I am happy to have a productive discussion with anyone who is willing to engage in one. If you are not, that is your decision.
If accusers reliably made this distinction, it would probably help. @TroutMan didn’t. But still, if you accused someone of being an idiot, or even just of saying really dumb things, wouldn’t you expect them to be offended? Maybe if you did the latter nicely, to a friend, it would go okay, but to someone you are arguing with, accompanied by personal insults? It’s not going to lead to anything constructive.
I think there is a bit of equivocation going on here. The claim is that calling someone a racist could start a productive discussion, and no one should be offended by it. Yet in practice, in the Pit we almost always see such accusations accompanied by personal insults, and it is certainly not made clear that the first meaning is the one intended.
Productive discussions, if they are going to happen, almost always happen in the original thread. An accusation of being deliberately racist is not intended to spark such, it is merely intended as an insult. It is ridiculous to pretend there is some higher purpose.
Not in my experience. This goes back to some people on the left using such accusations as a political tool. Instead of trying to persuade others that their opinion is the correct one, certain people simply claim that alternative views are racist/sexist/whatever and therefore it is unacceptable to argue for them. The point of the accusation is to end debate, not spark it.

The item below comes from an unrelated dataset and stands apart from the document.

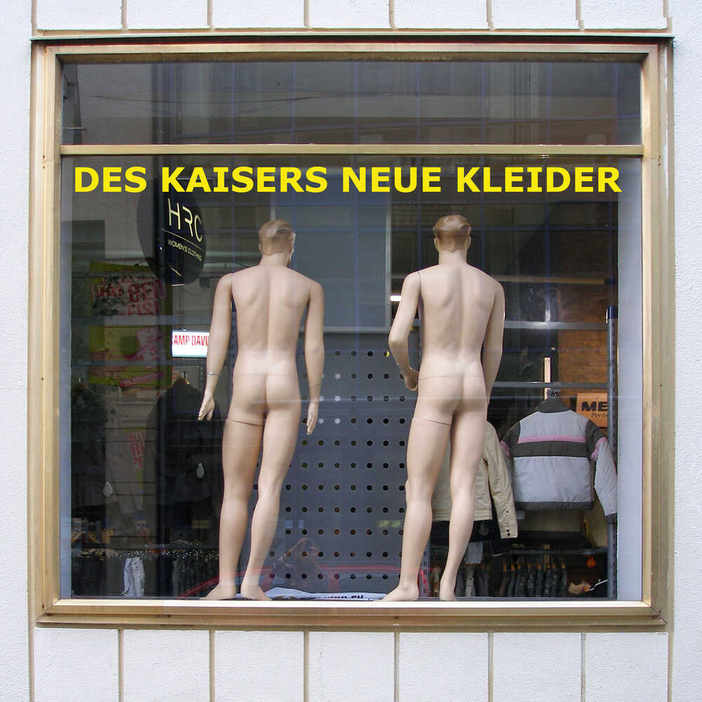 A text addition to a shop display in Dresden illustrates the novel "The emperor's new clothes".

In the case of using a particular word or phrase, it’s a bit different, because sometimes there is a good reason to stop using it. But a. the changes demanded are often petty and not-universally-agreed-on by the group in question, b. they make life harder for those outside a particular well-educated left-wing subculture, c. they are sometimes used to push a particular ideological position, d. as @Sam_Stone said, the outrage is often selective and hypocritical (though I believe you are one of the few posters who actually does try to avoid hypocrisy on this issue). That could to lead to a reasonable discussion, but in general the people who bring it up are not prepared to engage in one. Their expectation is immediate acquiescence and possibly an apology, and any other response is considered more evidence of 'ism’s.